The Minister of Finance, Malusi Gigaba’s, “maiden” medium-term budget policy statement exposes the full horror of President Jacob Zuma’s catastrophic management of the economy in South Africa.

The Rand immediately plummeted to R 14.10 to the dollar, its lowest level this year.

Economic growth has slowed and the February projection of 1.3 % has been lowered to 0.7 %, still higher than the 0.5 % recently projected by the International Monetary Fund.
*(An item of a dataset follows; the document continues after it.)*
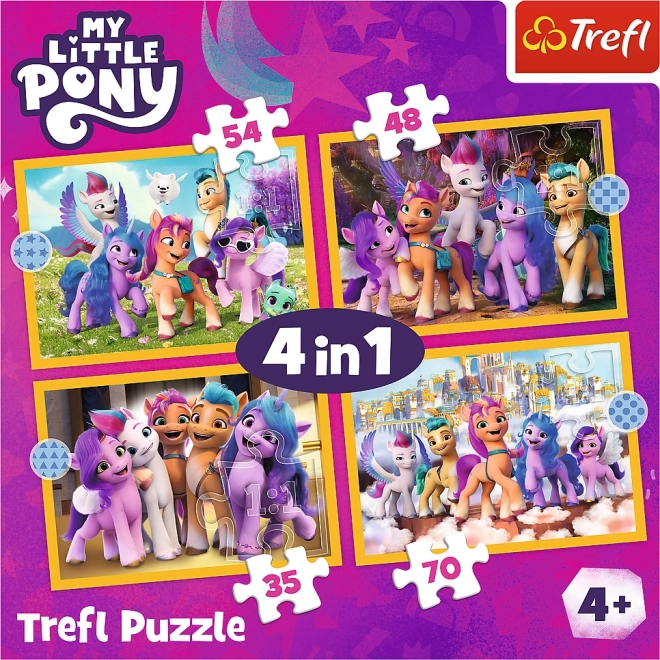 Farverigt sæt 4 i 1 puslespil med motiver fra MY LITTLE PONY, som vil glæde små puslespilsfans. Fire separate billeder i størrelsen 285 × 205 mm og forskelligt antal brikker (35, 48, 54, 70) giver både sjov og gradvis udfordring. Fremstillet i Polen af miljøvenlige materialer, egnet til børn fra 4 år.

Economic growth is expected to recover slowly, reaching 1.9 % in 2020.

The minister’s medium-term budget policy statement reveals a full-scale budget “blow out” with:

  • a massive revenue shortfall of R 50. 8 billion, which is the largest revenue shortfall since the global financial crisis;
  • a breach of the expenditure ceiling by R 3.9 billion, which was in part caused by the R 10 billion bailout of South African Airways, and which had to be offset mainly by using the contingency reserve (R 6 billion), projected underspending (R 3 billion), and selling the family silver, in the form of shares in Telkom shares (R 3.9 billion); and
  • an increase in the budget deficit by R 54 billion to R 203 billion, or 4.3% of GDP in 2017/18.
  • The budget  results in an increase in national debt of R 67.9 billion to R 2.3 trillion, or 54.2% of GDP and an increase in debt service costs of R 900 million to R 163.3 billion, in 2017/18.

The budget “blow out” ricochet’s through the medium term pushing national debt to R 3.4 trillion, or 59.7% of GDP, in 2020/21.

Gigaba’s maiden Medium-term Budget Policy Statement was delayed when the EFF disrupted proceedings. Gigaba started his speech after the opposition party left the house.

The rand was trading at R 13.74 against the greenback just before the proceeding in Parliament started.